On June 27, the Azuki Elementals mint went live, generating immense fanfare throughout Web3. Billed as the next evolution of the popular anime-themed PFP project, Elementals sold out in record time, failing to make it past presale before all 20,000 NFTs had been minted.
Perhaps to be expected, though, not everything went off without a hitch. From unsatisfactory mint mechanics to an underwhelming reveal, after the dust had settled from the launch, scrutiny of the Azuki sister project became both severe and unwavering. Now, Azuki has responded to the mounting opposition faced by its Elementals collection.
A recap of the Elementals mint
On June 27, the Elementals minting event was initiated as planned at 12 p.m. ET. At this time, holders of NFTs from the original Azuki collection were granted access to mint. Then, at 12:10 p.m. ET, it would be time for holders of Beanz NFTs to mint.
But seemingly due to the fact that Azuki failed to impose a cap on the number of Elementals any single collector could mint, the full supply for the sister collection minted out shortly into the Beanz window, long before the public sale was scheduled to commence.
Although the mint was met with a wide array of reactions, with many Azuki holders pleased at the proceedings, countless others expressed frustration that, despite being punctual, they were unable to secure an Elemental.

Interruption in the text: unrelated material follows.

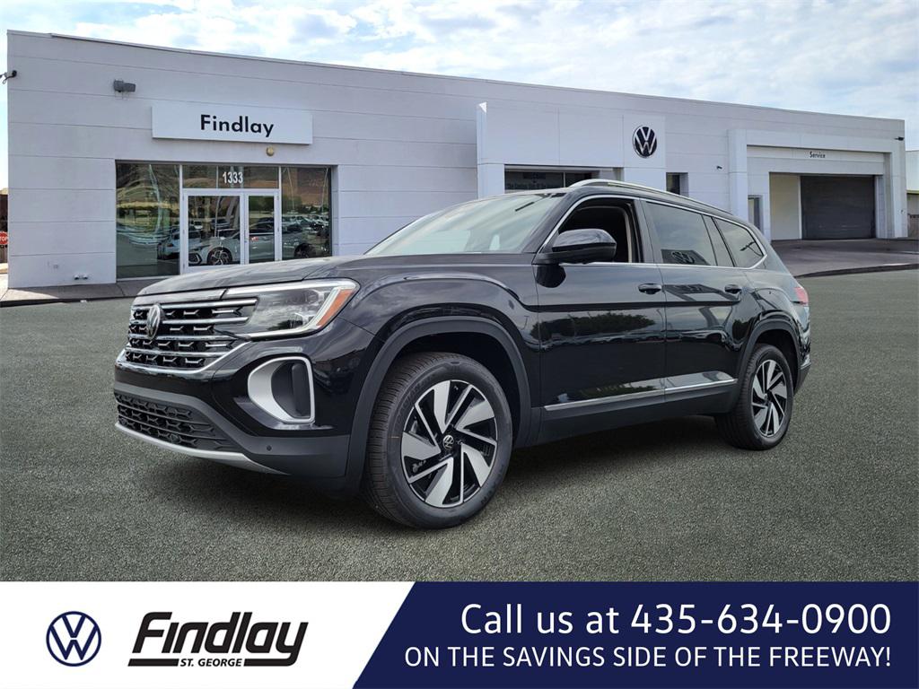 Black 2026 Volkswagen Atlas 2.0T SEL AWD 8-Speed Automatic with Tiptronic 2.0L TSIWelcome to Findlay Volkswagen in St. George. We include complimentary, the 1st 3 oil changes with your new car purchase. This Volkswagen Atlas is equipped with the following options: 3rd row seats: split-bench, 4-Wheel Disc Brakes, 6 Speakers, ABS brakes, Active Cruise Control, Air Conditioning, Alloy wheels, AM/FM radio: SiriusXM with 360L, Auto High-beam Headlights, Auto-dimming Rear-View mirror, Automatic temperature control, Brake assist, Bumpers: body-color, Compass, Delay-off headlights, Driver door bin, Driver vanity mirror, Dual front impact airbags, Dual front side impact airbags, Electronic Stability Control, Emergency communication system: VW Car-Net Safe & Secure 5-year, Exterior Parking Camera Rear, Four wheel independent suspension, Four-wheel Independent Suspension, Front anti-roll bar, Front Bucket Seats, Front Center Armrest, Front dual zone A/C, Front fog lights, Front reading lights, Fully automatic headlights, Garage door transmitter: HomeLink Connect, Heads-Up Display, Heated & Actively Ventilated Front Bucket Seats, Heated door mirrors, Heated front seats, Heated rear seats, Heated steering wheel, Illuminated entry, Low tire pressure warning, Memory seat, Navigation System, Occupant sensing airbag, Outside temperature display, Overhead airbag, Overhead console, Panic alarm, Passenger door bin, Passenger vanity mirror, Perforated Vienna Leather Seating Surfaces, Power door mirrors, Power driver seat, Power Liftgate, Power moonroof: Panoramic, Power passenger seat, Power steering, Power windows, Radio data system, Radio: MIB3 Discover Pro w/Navigation, Rain sensing wipers, Rear air conditioning, Rear anti-roll bar, Rear reading lights, Rear seat center armrest, Rear window defroster, Rear window wiper, Remote keyless entry, Security system, Speed control, Speed-sensing steering, Split folding rear seat, Spoiler, Steering wheel mounted audio controls, Tachometer, Telescoping steering wheel, Tilt steering wheel, Traction control, Trip computer, Turn signal indicator mirrors, Variably intermittent wipers, Ventilated front seats, Wheels: 20"" 2-Tone Machined Alloy.

In fact, due to the lack of a ceiling on individual minting, one user even secured a staggering 332 Elementals during the presale, meaning many Beanz holders couldn’t mint.
Yet, the public response to Elementals mint mechanics was only the tip of the iceberg. Because after the art had been revealed, it became clear that Elementals wasn’t living up to its hype. Notably, many commented that the newly launched collection bore far too many striking similarities to the previous one.
The criticisms of Azuki Elementals being far too close to the original collection created a rift in the NFT space. Although there was a seemingly unending stream of enthusiasts arguing that the Azuki supply had now been diluted, others began speculating about the underlying traits of the new NFTs and how, in the end, the new collection might be net positive for the Azuki name.
It didn’t take long for Azuki to respond to both opponents and supporters of its new collection, though. Less than a day after the Elementals mint had commenced, the brand took to Twitter to address the situation. “This time, we missed the mark,” Azuki wrote in a thread. “We hear you – the mint process was hectic, the PFPs feel similar and, even worse, dilutive to Azuki.”
In the thread, Azuki went on to explain the grand vision of Elementals, saying the collection was meant to “welcome new members into the community” while also expanding the Azuki universe and enabling the creation of “a new type of anime that’s already under production.”
Even with the brand admitting its mistakes, the Azuki messaging ended on a positive note, with the brand stating, “We know that we lost a piece of trust today, but nothing gets us more motivated to make things right.” And to the surprise of collectors, Azuki shared an image of a green bean alongside a cryptic message, setting the stage for potentially another surprise collection to come.
Although details have yet to be revealed surrounding the “green bean,” considering that beans have long symbolized radical change within the Azuki ecosystem, it wouldn’t be a long shot to say that something significant could be on the horizon. So far, collectors have speculated about a range of potential happenings, including airdrops, complex “evolution” mechanics, and of course, yet another PFP collection.